A new debate around the MIT NANDA report, The GenAI Divide: State of AI in Business 2025, has gained momentum after analyst Rohan Paul offered a fresh interpretation of its findings. The report’s headline claim, that 95% of enterprise generative AI pilots fail, sparked widespread concern about AI’s effectiveness in the corporate world. Yet, Paul argues that the statistic is often misread, applying only to brittle, custom-built pilots rather than overall AI adoption. His perspective draws attention to the rise of shadow AI, where employees use personal tools beyond official channels, driving real outcomes overlooked in enterprise statistics and budgets.
The “GenAI Divide” in Enterprise Deployments
The MIT research carried out in 2025 between January and June examines more than 300 implementations, 52 executive interviews, and 153 leader surveys. Its key conclusion that out of 100 generative AI pilots, a majority (95 percent) have failed, illustrates the major challenges in internalizing at scale. There is a high tendency for these pilots to become failures under the pressure of poor designs and failure to contextualize them, as well as failure to integrate better into regular workflows. Moreover, limited executive sponsorship often leaves projects underfunded or sidelined before real-world utility is delivered. The result is what the report calls the “GenAI Divide,” where only 5% of organizations achieve measurable benefits.
In practice, those successes emerge from adaptive, task-specific solutions that evolve continuously with user feedback. These systems differ sharply from rigid, custom-built models that cannot adapt to changing corporate needs. The divide ultimately signals that enterprises heavily reliant on proprietary development risk falling behind. Organizations embracing partnerships or flexible frameworks demonstrate a greater likelihood of long-term success, in stark contrast to the failures highlighted in the data. Paul’s interpretation emphasizes that the bleak failure rate is not reflective of generative AI’s overall performance but simply an indicator of the missteps companies face when focusing purely on in-house pilots rather than broader approaches to AI deployment.

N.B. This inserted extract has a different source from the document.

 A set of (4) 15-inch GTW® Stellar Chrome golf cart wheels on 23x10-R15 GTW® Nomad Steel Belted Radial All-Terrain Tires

The Rise and Impact of Shadow AI
Paul’s sharpest critique lies in exposing how shadow AI reshapes the real story. While official pilots falter, employees often bypass bureaucracy by adopting personal AI tools like ChatGPT or Claude to improve productivity. The report by MIT revealed that 90 percent of the surveyed staff currently subscribe to the corporation. Personal solutions as compared to 40 percent with licensed subscriptions by the corporation. This illustrates the extent to which shadow AI flourishes in accessibility, quickness, and adaptability so that workers can optimize drafting, data analysis, and customer support functions without requiring formal authorizations.
This grassroots movement delivers measurable, though often invisible, value. Financially, the MIT report notes that shadow AI contributes to annual cost savings between $2 million and $10 million per company, while reducing agency and outsourcing spend by about 30%. Yet, these gains frequently appear in vendor and operational line items rather than “AI program” budgets, making them harder for executives to track. For example, automating ticket resolution or invoice processing through shadow AI tools cuts reliance on business process outsourcing, but the credit rarely goes to AI teams.

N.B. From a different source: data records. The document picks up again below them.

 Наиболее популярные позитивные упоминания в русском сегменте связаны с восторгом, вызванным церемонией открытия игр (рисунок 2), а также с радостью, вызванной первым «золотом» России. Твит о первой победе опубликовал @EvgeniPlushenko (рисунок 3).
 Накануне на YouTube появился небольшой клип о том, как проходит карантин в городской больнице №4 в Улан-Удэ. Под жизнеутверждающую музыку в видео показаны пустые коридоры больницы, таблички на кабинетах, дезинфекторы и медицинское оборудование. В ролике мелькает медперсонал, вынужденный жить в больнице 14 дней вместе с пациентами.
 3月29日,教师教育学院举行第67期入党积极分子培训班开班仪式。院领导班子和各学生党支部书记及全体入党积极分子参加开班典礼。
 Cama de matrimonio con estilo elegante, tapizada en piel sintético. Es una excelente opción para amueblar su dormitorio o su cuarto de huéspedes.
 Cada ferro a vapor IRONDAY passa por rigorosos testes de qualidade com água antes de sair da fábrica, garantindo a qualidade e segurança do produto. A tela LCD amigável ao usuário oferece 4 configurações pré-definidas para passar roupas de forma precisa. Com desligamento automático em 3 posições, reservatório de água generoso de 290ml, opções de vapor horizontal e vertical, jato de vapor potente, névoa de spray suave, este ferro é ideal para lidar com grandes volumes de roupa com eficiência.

Ultimately, Paul highlights this invisible layer of enterprise innovation. Instead of focusing narrowly on failed projects, he argues leaders should harness the momentum of shadow AI to align grassroots adoption with broader corporate strategies.
Bridging the Divide
Rohan Paul’s analysis reframes the MIT report’s alarming “95% fail” figure, showing it reflects narrow conditions rather than AI’s overall impact. By spotlighting shadow AI as a driver of real-world efficiency and highlighting vendor partnerships as deployment accelerators, his interpretation reframes the conversation around enterprise AI. The future may not lie in perfectionist, internal builds, but in cultivating flexible ecosystems that embrace both external expertise and employee-led innovation. To truly bridge the GenAI Divide, organizations must learn from the energy already within their workforce and elevate shadow AI into official strategy, transforming hidden productivity into recognized enterprise success.